The Steamboat Springs City Council voted unanimously Tuesday night to approve a severance agreement and news release announcing the end of Lanning's employment. Lanning did not attend the meeting, and Deputy City Manager Wendy DuBord acted as city manager in his place.

"After a number of months of struggling with management related issues, Mr. Lanning and the City Council have decided to part ways," the release states.

DuBord will fill Lanning's position until an interim city manager is chosen. The process to find qualified city manager candidates typically takes six to eight months, City Clerk Julie Jordan said. This is not DuBord's first time in the role, having served as interim city manager for seven months in 2006 after then-city manager Paul Hughes stepped down from the position.

The agreement outlining Lanning's severance package is more generous than what was stipulated in his original contract. Lanning will receive seven months of severance pay, equal to about $72,000 after deductions. He has until May 31, 2009, to pay the city $133,000 for a city loan of 20 percent of the purchase price of his house, plus 20 percent of its appreciation.
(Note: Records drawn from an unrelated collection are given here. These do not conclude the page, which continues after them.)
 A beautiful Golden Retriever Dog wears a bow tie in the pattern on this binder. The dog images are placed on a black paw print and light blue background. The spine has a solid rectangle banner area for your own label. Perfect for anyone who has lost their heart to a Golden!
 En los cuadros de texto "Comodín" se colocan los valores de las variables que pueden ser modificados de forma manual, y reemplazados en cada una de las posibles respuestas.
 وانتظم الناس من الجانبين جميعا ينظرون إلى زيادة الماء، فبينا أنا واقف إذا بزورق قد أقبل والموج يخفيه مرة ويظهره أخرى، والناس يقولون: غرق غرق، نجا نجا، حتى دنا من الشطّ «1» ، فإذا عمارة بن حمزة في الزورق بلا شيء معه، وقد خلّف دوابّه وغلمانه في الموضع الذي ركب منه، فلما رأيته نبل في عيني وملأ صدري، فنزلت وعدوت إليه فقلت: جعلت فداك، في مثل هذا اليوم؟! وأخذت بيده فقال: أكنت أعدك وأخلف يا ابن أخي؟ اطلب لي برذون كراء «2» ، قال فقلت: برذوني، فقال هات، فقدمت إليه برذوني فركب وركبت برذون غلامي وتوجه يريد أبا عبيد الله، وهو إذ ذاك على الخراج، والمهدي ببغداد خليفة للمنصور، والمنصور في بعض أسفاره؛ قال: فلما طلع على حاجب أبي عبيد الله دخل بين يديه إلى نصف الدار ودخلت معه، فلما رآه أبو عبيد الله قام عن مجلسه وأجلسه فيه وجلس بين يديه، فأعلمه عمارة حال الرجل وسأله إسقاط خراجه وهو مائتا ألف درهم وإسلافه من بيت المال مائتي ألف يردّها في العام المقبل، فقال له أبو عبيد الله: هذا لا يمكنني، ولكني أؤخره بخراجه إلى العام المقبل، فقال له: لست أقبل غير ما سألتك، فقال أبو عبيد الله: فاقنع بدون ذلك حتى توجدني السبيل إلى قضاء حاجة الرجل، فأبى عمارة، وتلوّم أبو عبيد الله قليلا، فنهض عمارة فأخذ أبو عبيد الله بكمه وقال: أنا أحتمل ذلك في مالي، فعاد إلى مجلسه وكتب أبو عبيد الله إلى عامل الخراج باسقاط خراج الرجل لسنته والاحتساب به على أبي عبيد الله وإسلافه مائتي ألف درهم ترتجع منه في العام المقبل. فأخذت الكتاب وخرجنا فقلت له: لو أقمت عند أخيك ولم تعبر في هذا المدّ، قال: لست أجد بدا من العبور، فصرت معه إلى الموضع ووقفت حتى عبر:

City Attorney Tony Lettunich indicated that the additional time granted by City Council before the loan comes due is based on Lanning's request to allow his children to finish the upcoming school year.

Lettunich said Lanning was not fired and did not resign, but that he reached a severance agreement, which is a mutual parting of ways with City Council.

Former City Council member Towny Anderson spoke during the public comment portion of Tuesday's meeting to highlight the positive changes Lanning made during his time as city manager.

"City government morale has never been higher," Anderson said, citing changes Lanning made in the city's finance, planning and public works departments. "He did what we asked him to do."

Anderson said a city manager is hired to implement the direction and philosophy of the City Council, but also to take strong action rather than act as a puppet of that council.

A previous City Council hired Lanning in April 2006. His contract began in July of that year. During his time in City Hall, Lanning rearranged or consolidated several city departments - adding staff to planning and finance - while dealing with contentious issues such as historic preservation and the city's watershed protection ordinance.

But the current City Council raised questions about Lanning's performance, specifically customer service and interaction with the community and council, during a closed session in February and Lanning's annual evaluation June 30. Those discussions ultimately led to Tuesday's severance agreement.

Former City Council President Susan Dellinger echoed Anderson's comments about the responsibilities of the position and voiced concerns about the difficulty of the transition to a new city manager. She asked the council to think very hard about what they expect from the new city manager and identify responsibilities clearly.

Lettunich said the council has not discussed the next step to find a new city manager or given any direction, but he said that discussion probably will be on the agenda for the Aug. 5 City Council meeting.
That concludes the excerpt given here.